Ontario’s updated COVID-19 screening protocols for children could relieve what child-care providers have described as a significant and unnecessary burden.
The provincial government on Thursday afternoon revealed an amended COVID-19 screening policy for children attending schools and child-care centres.
The new regulations feature a shorter list of symptoms that would require a child to be tested for COVID-19. The province said the new rules reflect the latest evidence and were made in consultation with pediatric infectious disease experts.

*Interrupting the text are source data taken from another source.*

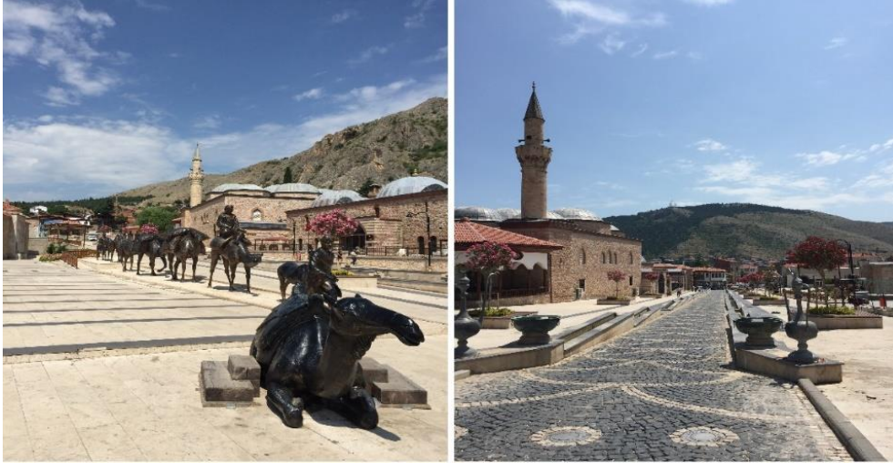
Görsel 6: Sulusokak Tarihi Kent Meydanı

Tokat'ın en eski ticaret merkezlerinden biri olarak Sulu Sokak, 1980 yılına kadar ticari canlılığını sürdürmüştür. Danişment, Anadolu Selçuklu, İlhanlı ve Osmanlı dönemlerinden kalan birçok esere yapılan restorasyon çalışmaları, bu eserlerin yeni işlevler kazanarak korunmasını kısmi olarak sağlamıştır. Kültür yolu projesinden önce kentten kopuk olarak varlığını sürdüren Sulu Sokak, proje ile birlikte kendisini tekrar kente entegre etmiş ve Anadolu Selçuklu, İlhanlı ve Osmanlı dönemlerine ait birçok kültürel eserin yer aldığı "Meydan" adıyla bilinen alanla kendisini bağlamıştır (URL-4).
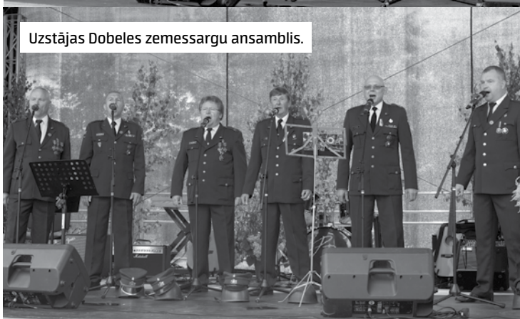
Uzstājas Dobeles zemessargu ansamblis.
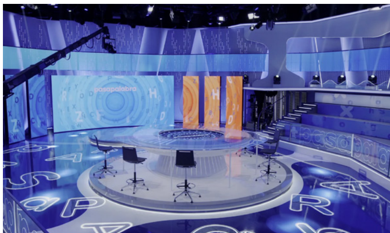
Policarbonato antiestático aplicado en Plató de TV

✦ Otras aplicaciones: Estudios de grabación y producción audiovisual, Plató de TV, salas de servidores y centros de datos, salas limpias, Joyerías, museos, entre otros.
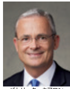
パトリック・キアロン
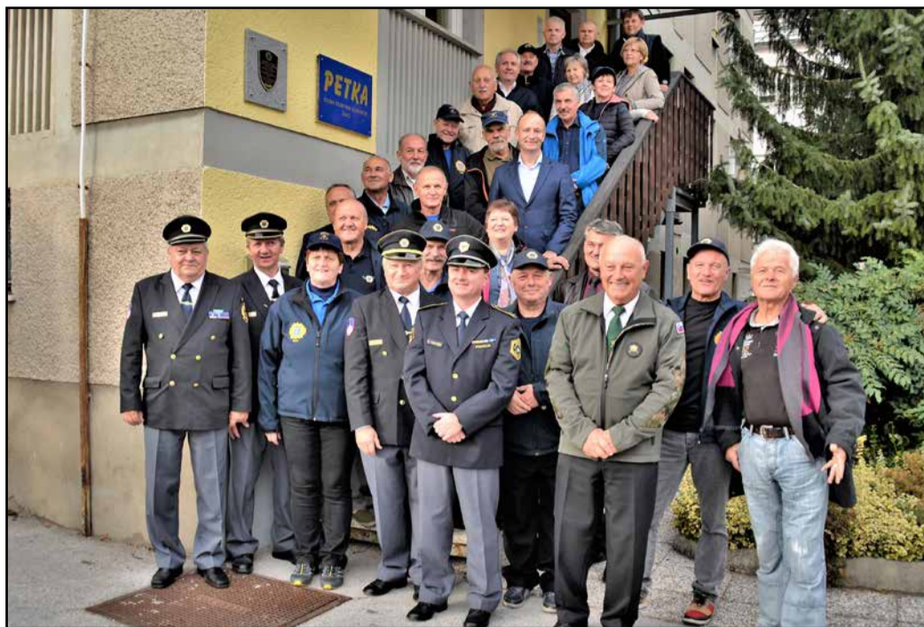
Nekdanji sodelavci z županom, s predsednikom Zveze policijskih veteranskih društev Sever in predsednikom ZVVS Spodnje Savinjske doline

V četrtek, 25. oktobra, smo v Žalcu obeležili državni praznik (ki ni dela prost dan) – dan suverenosti, in sicer v spomin na dan pred 27 leti, ko je iz Luke Koper odplula ladja z zadnjimi vojaki jugoslovanske vojske. Pred poslopjem sedanjega podjetja Petka, v katerem so bili prostori policijske postaje, so odkrili spominsko ploščo, ki spominja na čas osamosvojitvenih procesov in vojne za Slovenijo v letih 1990/91.
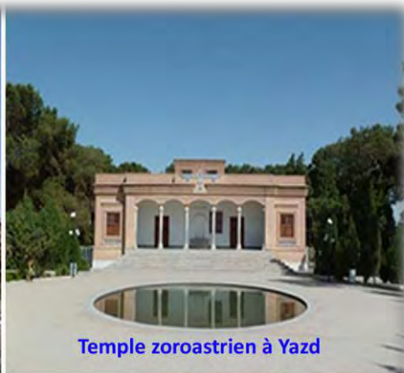
Temple zoroastrien à Yazd
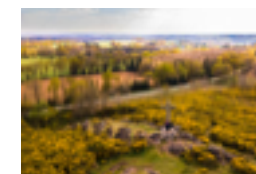
La Croix Ste Anne

“This will ensure that our children are able to attend school or child care as much as possible while minimizing the risk of COVID-19 transmission,” said Ontario’s Associate Medical Officer of Health Dr. Barbara Yaffe.
Notably, children will no longer be removed from school or child care and advised to go for testing if they have a runny nose, headache, sore throat, fatigue or diarrhea. Children displaying any one of those symptoms will now be asked to go home for at least 24 hours and return only “when they feel well enough to do so.”
However, if a child has two or more of those symptoms, they will be asked to isolate and contact a health-care provider for further advice.
Those symptoms are “commonly associated with many other illnesses,” Yaffe said.
Children experiencing a fever, persistent cough, chills or a loss of taste or smell will still need to isolate and get medical advice, which includes the possibility that a child may need to be tested for COVID-19.
Dr. Yaffe said the updated regulations will give parents and family doctors a greater ability to assess a child’s health. In some cases a health-care provider may be able to provide an alternate diagnosis, bypassing the need for COVID-19 testing entirely.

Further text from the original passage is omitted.